Transcribe the entries below exactly; leave every image out.

++++ RECORDS FOR PROCESSING

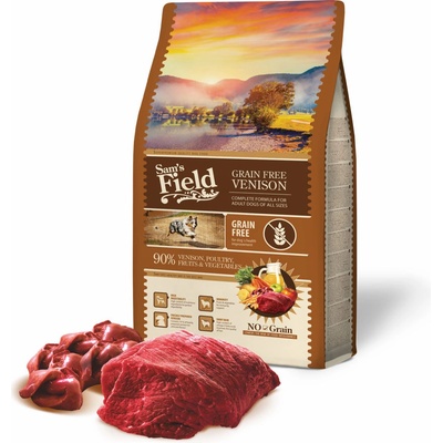 Sam's Field Grain Free Venison. Superprémiové krmivo s nulovým obsahem obilovin a s vysokým obsahem masa z vysoké zvěře 24 % a krůty 22 %. Kompletní krmivo pro dospělé psy všech velikostí a plemen. Prvotřídní komplexní výživa Sam's Field respektuje přirozené nutriční...
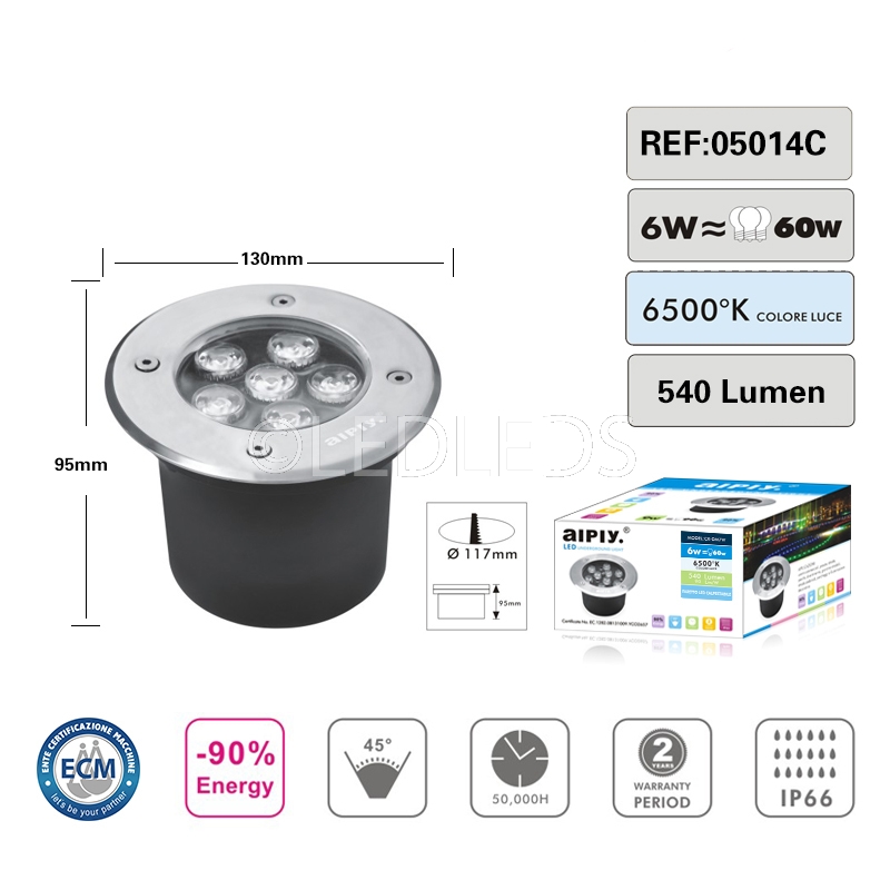 Eccellente faretto a LED segna passi ad incasso calpestabile per esterni con un fattore di impermeabilità di IP66 ideale per giardini, vialetti, fontane, piscine, per creare percorsi. Esteticamente bello si alimenta a 220V e grazie alla tecnologia a led danno la massima efficienza con il minimo consumo. La ghiera in metallo lucido e il vetro e il corpo in plastica resistente conferiscono a questo faretto solidità e robustezza, rendendo il faretto calpestabile. La durata di circa 50.000 ore è maggiore rispetto ai tradizionale faretti alogeni.
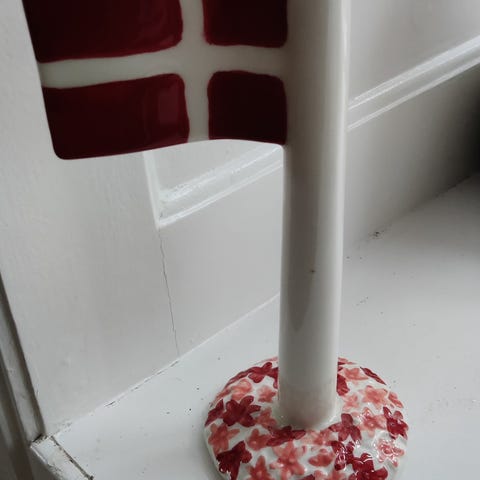 Super fint flag fra Speedtsberg med røde tern på flagstangen. Helt nyt.
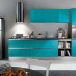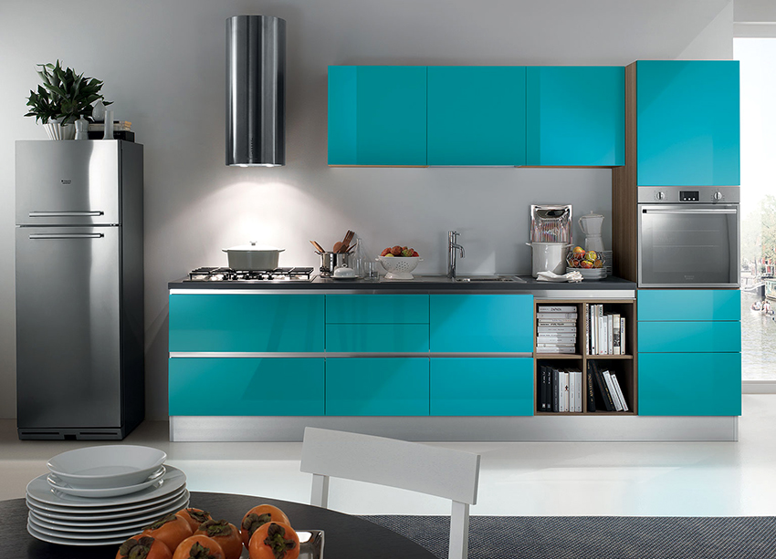 - Minimalism and hi-tech. Before choosing a color for a kitchen set that matches a turquoise high-tech interior, you need to understand that glossy facades should be preferred.
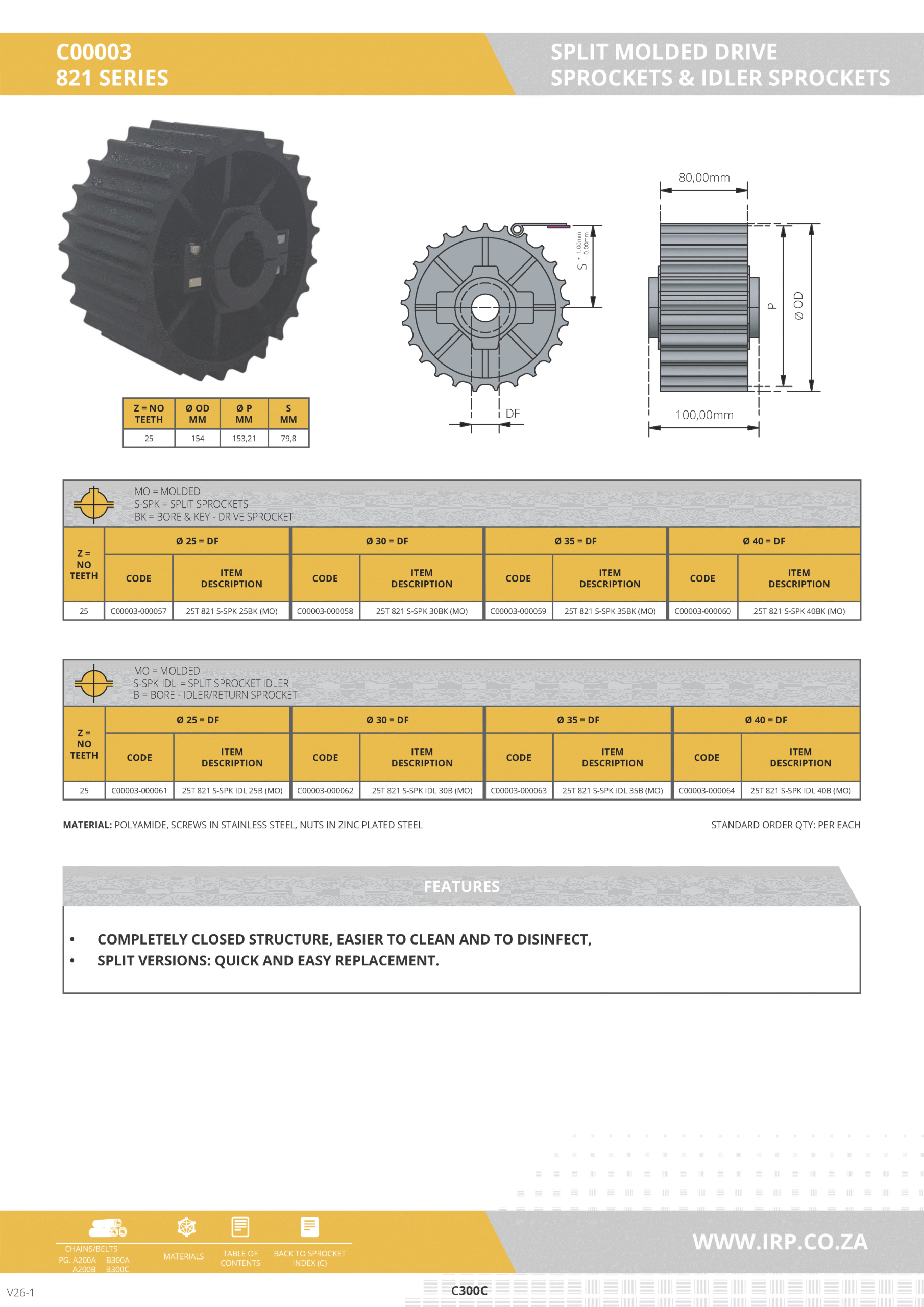 C00003 821 Series Split Molded Drive Sprockets & Idler Sprockets

++++++++

__WRITTEN ANSWER__:
 Sam's Field Grain Free Venison. Superprémiové krmivo s nulovým obsahem obilovin a s vysokým obsahem masa z vysoké zvěře 24 % a krůty 22 %. Kompletní krmivo pro dospělé psy všech velikostí a plemen. Prvotřídní komplexní výživa Sam's Field respektuje přirozené nutriční...
 Eccellente faretto a LED segna passi ad incasso calpestabile per esterni con un fattore di impermeabilità di IP66 ideale per giardini, vialetti, fontane, piscine, per creare percorsi. Esteticamente bello si alimenta a 220V e grazie alla tecnologia a led danno la massima efficienza con il minimo consumo. La ghiera in metallo lucido e il vetro e il corpo in plastica resistente conferiscono a questo faretto solidità e robustezza, rendendo il faretto calpestabile. La durata di circa 50.000 ore è maggiore rispetto ai tradizionale faretti alogeni.
 Super fint flag fra Speedtsberg med røde tern på flagstangen. Helt nyt.
 - Minimalism and hi-tech. Before choosing a color for a kitchen set that matches a turquoise high-tech interior, you need to understand that glossy facades should be preferred.
 C00003 821 Series Split Molded Drive Sprockets & Idler Sprockets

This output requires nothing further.